Türkiye Arkeolojik Yerleşmeleri (TAY)
Projesi kapsamında gerçekleştirilen “Türkiye Arkeolojik
Tahribat Raporu, Marmara Bölgesi Bizans Dönemi” çalışmasına göre
İstanbul ve çevresinde Bizans dönemine ait 443 eserin 336’sının ağır
tahribata uğradığı belirlendi. 36 yeni kalıntı bölgesinin de gün
ışığına çıkarıldığı çalışmaya göre tahribatın yüzde 50’si yapılaşma ve yol
çalışmaları nedeniyle meydana gelirken, tarihi eserlerin büyük bir kısmının
devlet eliyle zarar gördüğü kaydedildi.
TAY Projesi’nce 2001’den bu yana sürdülen Türkiye Arkeolojik Tahribat Raporu
çalışmasının Marmara Bölgesi’ne ilişkin son verileri dün Cağaloğlu’ndaki Türkiye
Gazeteciler Cemiyeti (TGC) Lokali’nde düzenlenen basın toplantısıyla açıklandı.

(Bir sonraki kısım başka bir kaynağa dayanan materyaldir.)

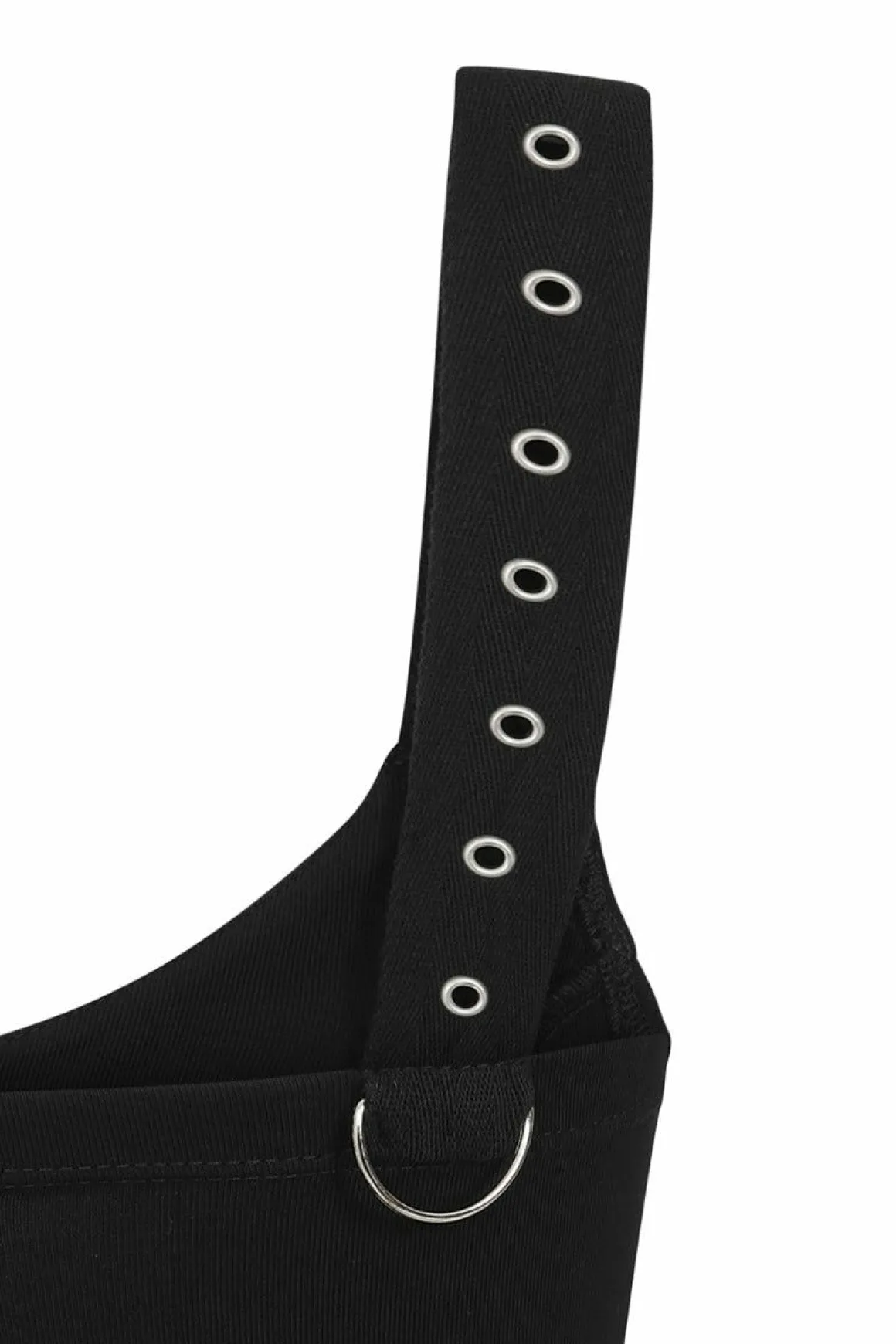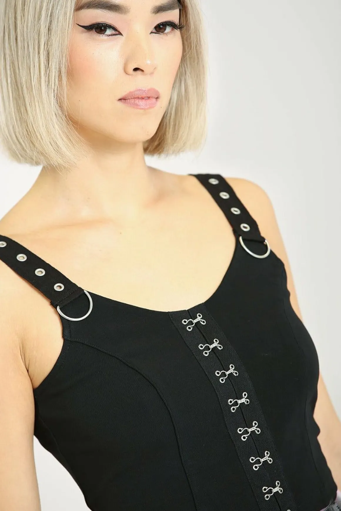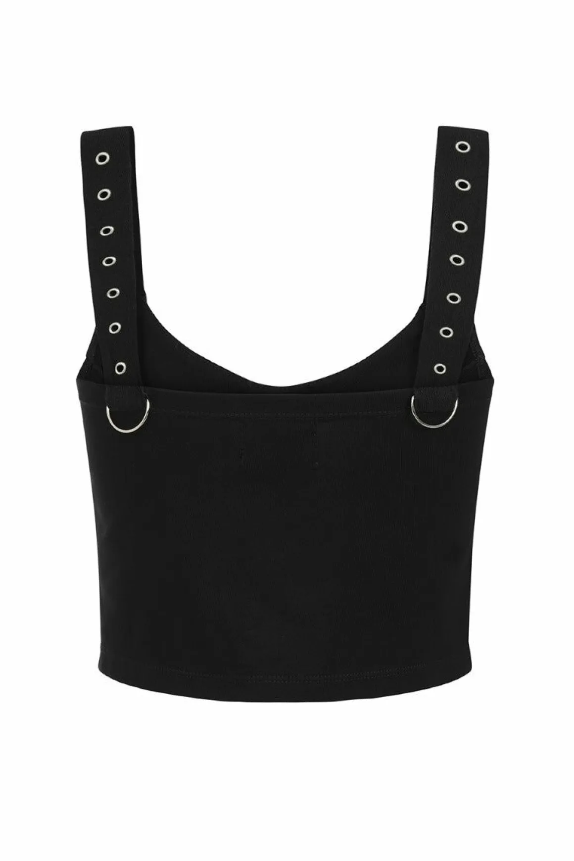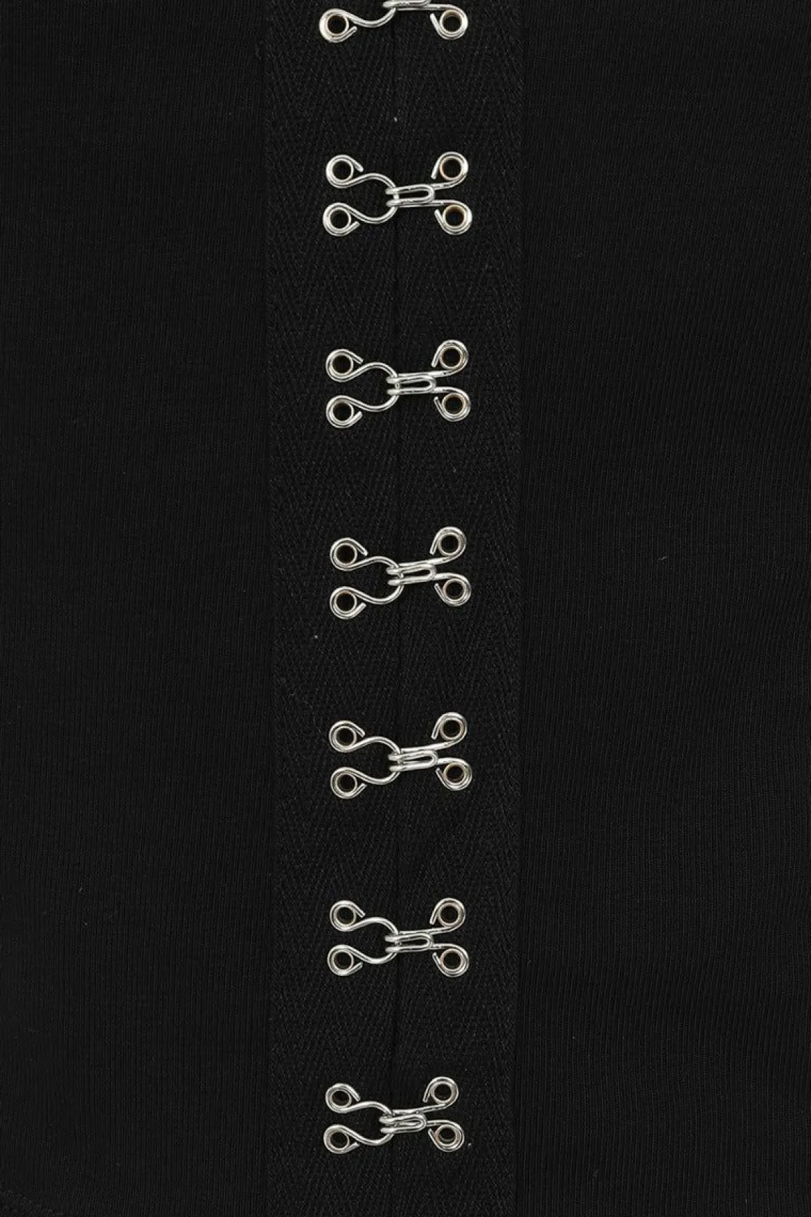 - Black Fitted Crop Top With Silver Link Detailing Down The Front For Added Grunge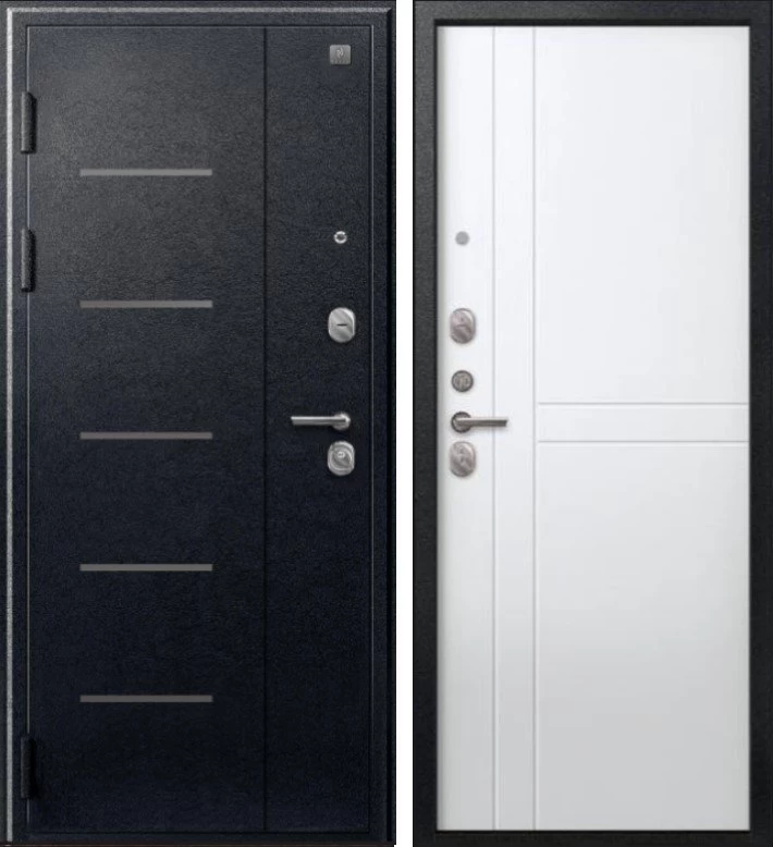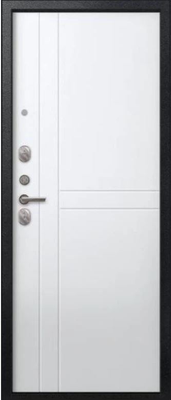Надежная входная Дверь V-06 Черный муар - Белый премиум класса по цене 38 801 руб. Большая толщина стали защитит от проникновения в ваш дом, квартиру или коттедж. Используется очень качественная фурнитура: замки, цилиндры, ручки, защелки. Покрытие и отделка двери изготовлено под внимательным контролем производителя. Дверь имеет долгий срок службы и гарантию.

Suna ve İnan Kıraç Vakfı, İstanbul Araştırmaları Enstitüsü’nce
desteklenen proje hakkında bilgi veren TAY Projesi Koordinatörü Oğuz
Tanındı, İstanbul il sınırları içinde tahribata uğradığı tespit edilen
200’e yakın Bizans dönemi eseri bulunduğunu belirterek, özetle şunları
söyledi:
“Özellikle İstanbul’da tarihi saray kalıntıları üzerine oturmuş çok sayıda
bina tespit ettik. Bazı kiliselerde depo ve atölyeler var. İstanbul’un
merkezindeki tarihi surların yanında tarım alanları var. Marmara’daki diğer
illerde ise kaçak kazılar nedeniyle binlerce yıllık yapılar yok ediliyor.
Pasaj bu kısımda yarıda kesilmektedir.